Pulsing Lights: Adding LED Strips
In this post things get pretty cool - I’ll add an LED strip to the project, and change the beat detection to be much more accurate. I’ve included a parts list at the end.
Below is a diagram of how I wired up the LED strip. You can find the Pi’s pinout at pinout.xyz.
The level converter is necessary because the Pi communicates with 3.3V, and the LEDs with 5V. It simply converts the low voltage (LV) 3.3V signals from the Pi to higher voltage (HV) 5V signals.
The LED strips themselves simply need a clock input, data input, five volts supply and ground.
To program the LEDs I downloaded GitHub user DirkWillem’s C library for APA102 LEDs. To install the library I cloned it in my visualizer folder:
Next, I turned on SPI, the protocol that the LED strips use. To do so I ran sudo raspi-config, selected Interfacing Options, and then selected SPI.
To test the library, I moved into the repository folder, made the examples, and ran one:
I added lights with the help of the libapa102 docs, and switched to using the beat-detection algorithm detailed here. The full new files are simple_visualizer.c, moving_average.c, and moving_average.h. I’ll just explain the update_lights and has_beat functions, and the moving average code I’ve written.
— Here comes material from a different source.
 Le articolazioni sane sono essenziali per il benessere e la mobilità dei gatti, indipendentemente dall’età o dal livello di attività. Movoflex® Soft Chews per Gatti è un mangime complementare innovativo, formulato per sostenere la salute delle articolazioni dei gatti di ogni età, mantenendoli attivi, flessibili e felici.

Function update_lights sets the LEDs to some shade of blue. If a beat is detected the blueness is set to full intensity, otherwise the lights decay until they are off. The decay effect ensures that short, abrupt beats are still visible, and is much better than a simple scheme where the lights are always full brightness or off.
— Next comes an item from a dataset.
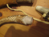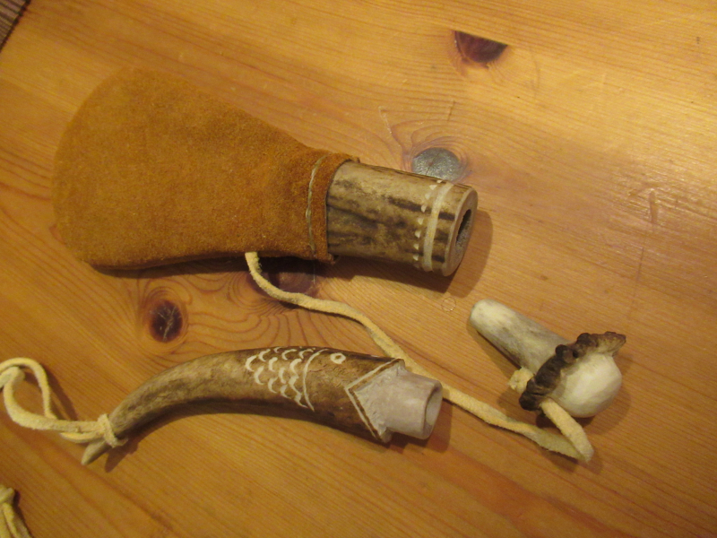 Kugelbeutel aus Leder, handgenäht, Tülle und Stopfen aus Hirschhorn gefertigt und verziert, Länge 20,5 cm, für Rundkugeln bis incl. cal.54, + superschönes oldstyle Pulvermaß aus Hirschhorn, verziert, Länge 13 cm, ca. 50 grn. Replikat des 18. Jahrhunderts ECHTE HANDARBEIT !!
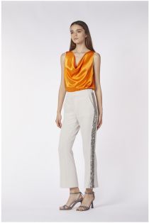 Un pantalón de tejido fluido y un refinado ribete de lentejuelas en las caderas enriquecen y embellecen la prenda haciéndola perfecta para una velada especial.

Function has_beat uses a moving average to find beats. If the volume of a sample is above the average by a certain factor (I chose 1.3), then there’s a beat. This is more accurate than having a constant volume threshold for beats, as a song might have a quiet section that nonetheless contains beats.
Now I’ll explain how my moving average code works. One way to calculate the moving average of the volume is to store the most recent n volume data points, and average them at every time step. Below I show three steps of a moving average that uses four data points. Note there’s only a beat at t3, as that’s the only time that the volume is significantly larger than the average.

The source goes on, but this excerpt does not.